GERDAU ? Esse problema existe, mas insisto que é um círculo vicioso. O que nós estamos discutindo hoje é criar um sistema tributário moderno, semelhante ao que existe nos países concorrentes, sem mudar a carga tributária total.
DINHEIRO ? Mas em outros países a carga tributária é menor.
GERDAU ? Mas nós nem estamos discutindo a carga tributária. É uma segunda discussão, em um outro momento. No primeiro momento temos de discutir um sistema tributário que dê condições ao produtor brasileiro de competir, seja ao produtor de arroz ou de tecidos, de aço ou de automóvel. Dentro disso, o conceito de não-cumulatividade na cadeia produtiva, e a não incidência de impostos sobre os bens de produção, são regras básicas de qualquer sistema que obedeça aos padrões de globalização.
DINHEIRO ? Vista de fora, essa discussão sugere que o governo conversa para não mexer nada. Vista de dentro é o mesmo?
GERDAU ? Eu tenho depoimentos muito claros dos ministros e do presidente de que eles querem fazer a reforma tributária. O grande dilema é a transição. O governo federal está correto em ter essa preocupação. Se analisarmos o que aconteceu em 1999, na saída da maxidesvalorização, o desempenho do Brasil foi melhor do que se esperava. Mexer no sistema tributário para correr risco é algo que ninguém quer. Eu diria o seguinte: o ajuste fiscal do País a curto prazo é mais importante do que a carga tributária. No cenário mundial está muito claro que a primeira coisa é não ter inflação.
DINHEIRO ? Então a reforma não virá, porque não se pode diminuir a arrecadação…
GERDAU ? Mas a reforma não vai diminuir a arrecadação. Não estamos propondo isso. Isso está claro na discussão feita no Congresso. Não vai haver diminuição da carga tributária. Estamos propondo uma nova sistemática de arrecadação.
DINHEIRO ? Mas na verdade o empresariado não quer pagar o que está pagando e nem o governo quer mexer no que está recebendo. Não é uma discussão estranha?

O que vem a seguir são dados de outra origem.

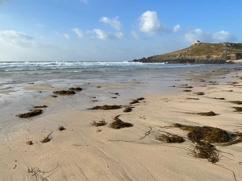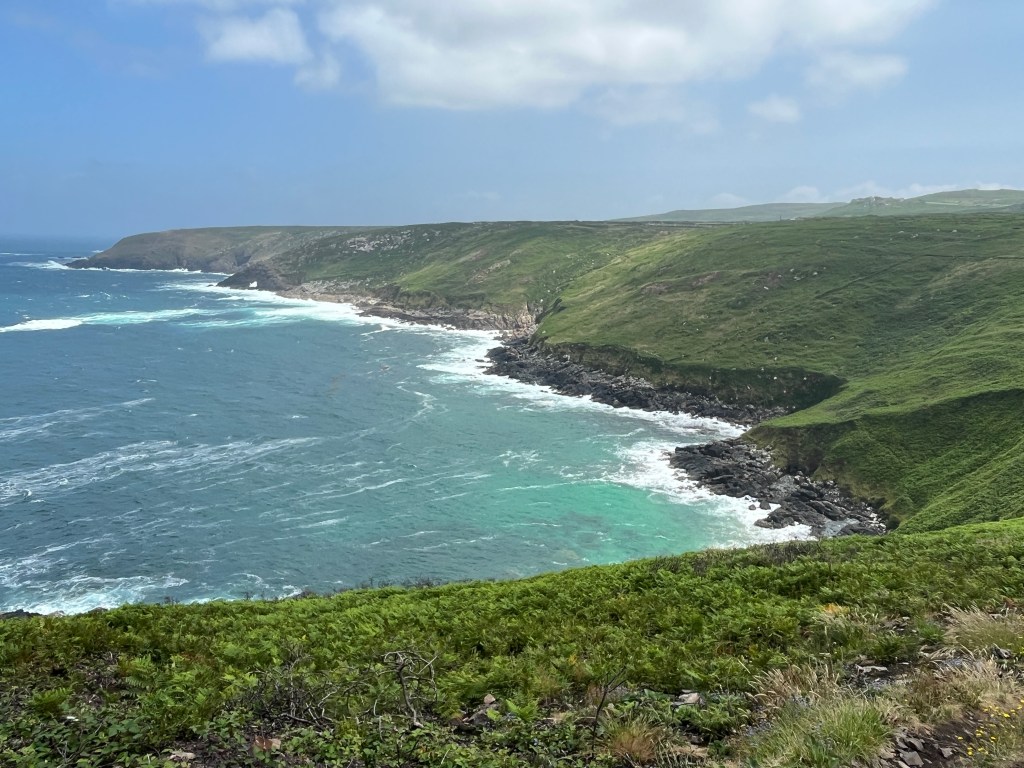 Mit dieser Aussicht mache ich Mittag, da kommen zwei Männer den Berg rauf. Ich frage, ob sie in St. Ives gestartet sind. Ja, sind sie, Wie lange sie bis hier gebraucht haben, frage ich weiter. Dreieinhalb Stunden ohne Pause. Damit ist für mich klar, das schaffe ich nicht. Also Landeinwärtsstrategie.

GERDAU ? Não tenho dúvida de que cada um enxerga a reforma a seu modo. Cada um quer a sua. Mas nós, da Ação Empresarial, neste momento não estamos discutindo a carga tributária. Aceitamos que a carga tributária permaneça no mesmo nível, embora ela seja absolutamente elevada.

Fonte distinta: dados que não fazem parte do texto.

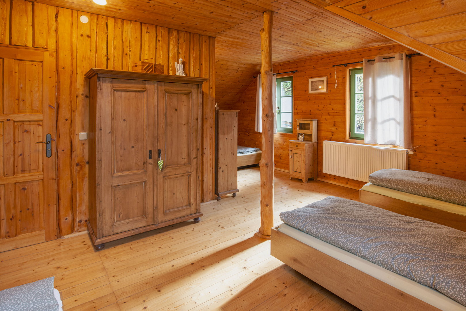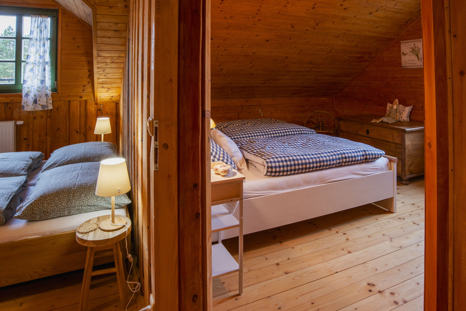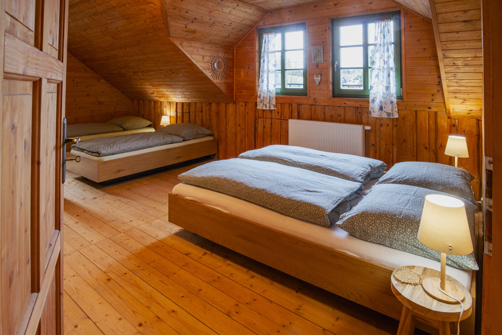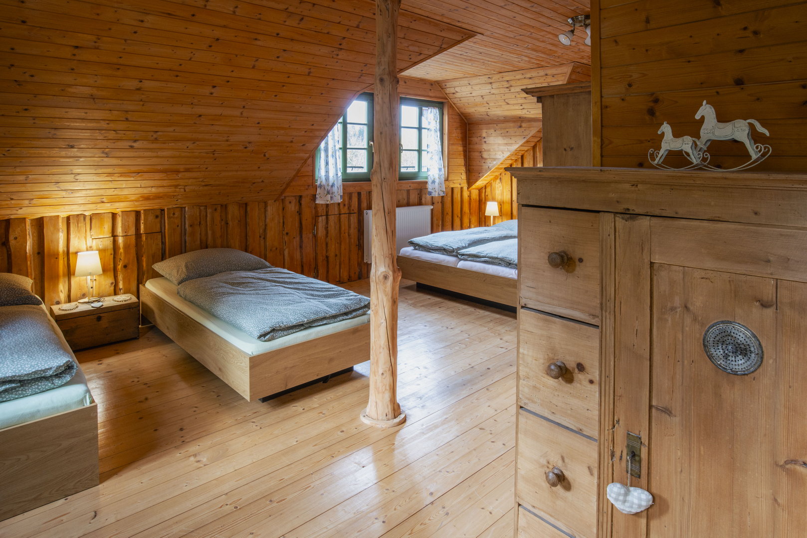 Tři ložnice a hernička s pohodlnými postelemi poskytují dostatek soukromí pro rodiny i skupiny přátel. K odpočinku láká i “velká” zahrada s ohništěm a grilem, kde je slyšet jen šum lesa a potůčku.

DINHEIRO ? Quem são os adversários da reforma tributária dentro do governo?
GERDAU ? Não sei se há adversários da reforma. Todo mundo sabe que ela tem de ser feita.
DINHEIRO ? O secretário da Receita Federal sabe?

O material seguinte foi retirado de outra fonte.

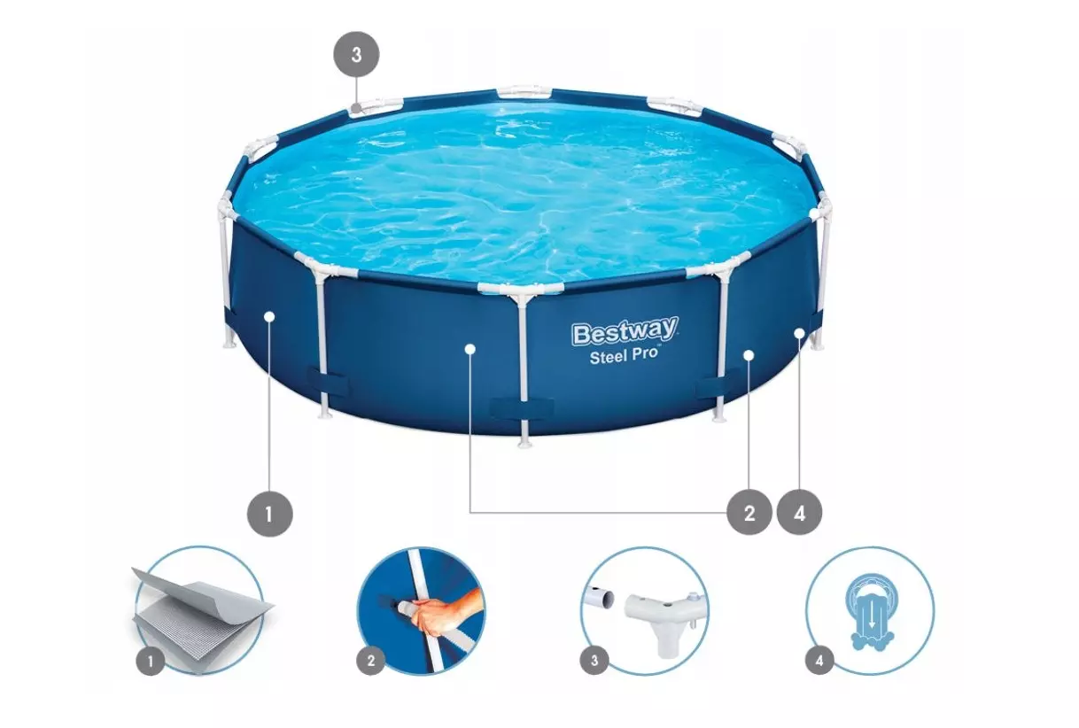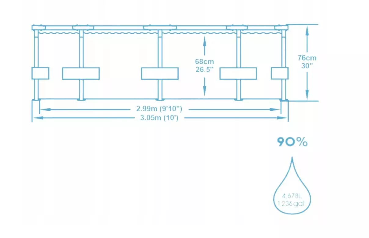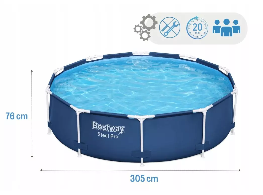Насолоджуйтесь літом у повній мірі разом із каркасним басейном діаметром 305 см і висотою 76 см, що вміщує до 4678 літрів води! Завдяки сучасній конструкції та якісним матеріалам — це ідеальне рішення для сімейного відпочинку просто у вашому саду.

GERDAU ? Ele sabe, embora existam com Everardo Maciel pontos de divergência conceitual. Qualquer economista sabe que é preciso limpar as cadeias produtivas. A discussão não está em fazer ou não, mas como fazer a reforma.
DINHEIRO ? O que acontece se a reforma for protelada por um ou dois anos, como parece estar próximo de acontecer?
GERDAU ? Vai atrasar o processo de desenvolvimento do País. Acredito que uma boa reforma tributária pode fazer o PIB do País crescer 2%, ampliando as exportações de forma impressionante. Isso é muito importante. Não existem no Brasil fábricas voltadas para exportação. Ela é sempre um percentual pequeno da produção, 15% ou 20%. Nunca se exporta 50% ou 80%. O empresário, nacional ou estrangeiro, sabe que terá de exportar impostos.